木竜の下に向かう俺達に、陛下は前回とは比べものにもならないほどの品物を用意してくれた。

「あの俗物がこの程度で満足するとも思えんがな」

「ですが、これほどの品物・・・・・・資金はどこから?」

俺は思わず問いかけてしまった。

並べられた品物の数もそうだが、意匠を凝らした貴金属類は一つ一つが途方もない金額であると雄弁に語っている。

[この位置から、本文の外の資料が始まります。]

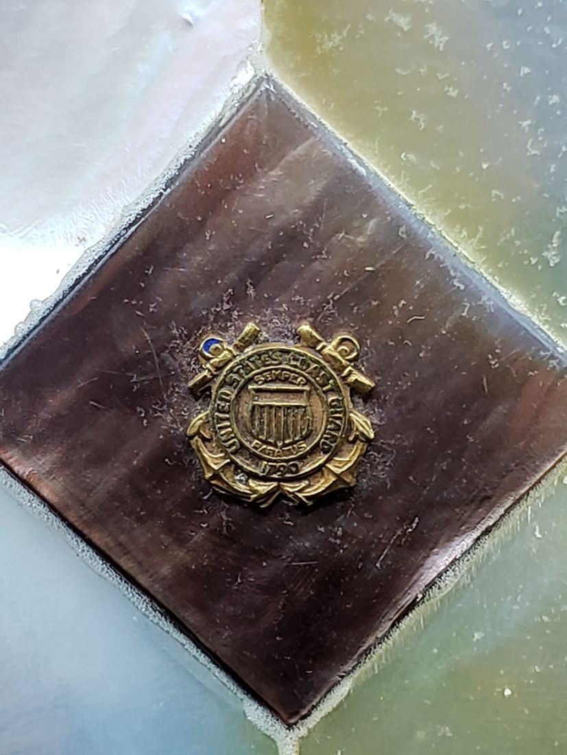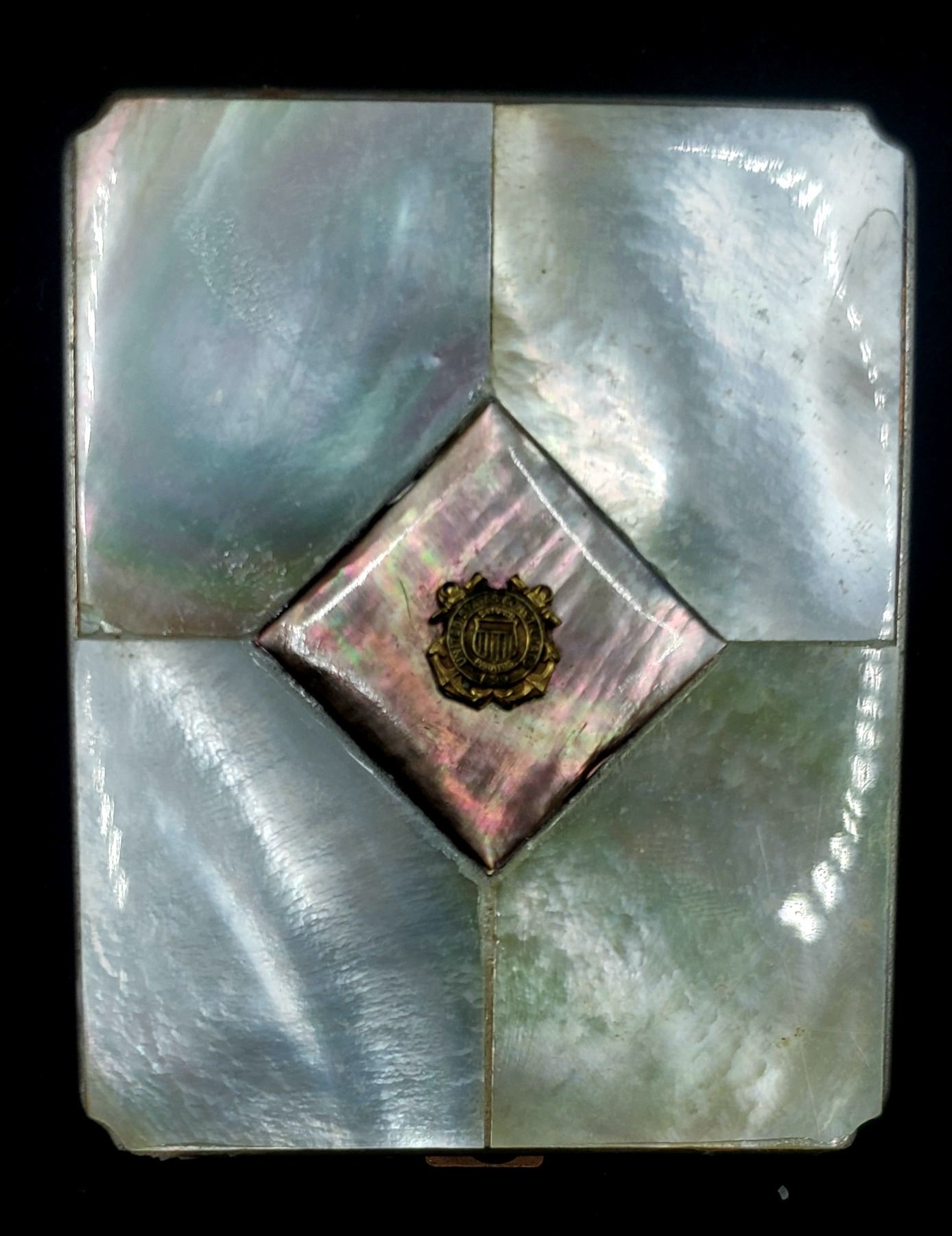 This vintage antique is designed with pearlescent inlayed abalogne and US Coast Guard 1790 Insignia. Comes with original powder puff and unbroken mirror.

「流石は、ラインハルト王太子殿下の一の従者。国庫を気に掛けてくれるとは、将来が楽しみですな」

声のする方を向くと、そこに居たのは宰相閣下だ。

一体、何時からいたんだ?

全く気配を感じなかったぞ?

「詳しい内訳を教えて差し上げましょう。ささ、こちらへ」


 襟首を持たれ引きずられていく俺。

ちょ、はなせ! この!!

あれ? ビクともしないんですけど?

遠ざかる国王陛下とラインハルトが、何やら諦めた顔をしている。

「宰相閣下? 離していただけると嬉しいのですが?」

「遠慮なさらず。魔法使い殿には、税金とは予算とは? と教えねばならないことが沢山ありますからな」

「え? 遠慮させてもらえませんかね?」

「遠慮、されずに」


 一時間たったところで、宰相閣下の部下が声を掛けて来てありがたい講義は終了した。

「では、また別の時間で」

・・・・・・一先ずは、終わったらしい。


「すまんな、アドルフ。今回の件で宰相の奴はかなりキテいたからな」

「陛下、いらしたんですね?」

「助けなかったことを責めんでくれ。ああなったらワシの言葉など聞こえんからな」

そう言いながら、陛下はすまなそうに去っていった。


「災難だったな」

「ラインハルト、宰相って、なにあれ? 完全にヤル人じゃん」

「ああ、知らなかったか? あの人は戦斧術の宗家だからな。ここだけの話、父上が武芸があまり得意でないのもあの人のせいなんだ」

「はあ?」

「あの人が父上の傍仕えになってから、外に出てもあの人が全部片付けるからな。全くといっていいほど実戦経験が無いそうなんだ」


 国王陛下が英雄譚好きなのって、抑圧されていたからじゃないのかな?

あ!

「トムーギの戦斧、あげちゃおうか?」

「そうしろ。お礼にじっくりとお勉強見てくれると思うぞ」

あ、・・・・・・やっぱり考え直そうかな。


 こんな一幕もありながら、俺達4人は再度、竜の聖地に向けて旅を始めた。

「本当によかったの?」

「なにがですか?」

「子供、置いて来て」

「大丈夫ですわ。信頼出来る方ですし、お嬢様のいい勉強にもなるでしょう?」

「まぁ、そっちが良いならいいんだけど」


 子供たちは何故か、俺の実家に預けられた。

ちょうど乳離れの時期でもある事から、通いの乳母を雇いそのほかは俺の母と妹のヘルガが面倒を見てくれることになった。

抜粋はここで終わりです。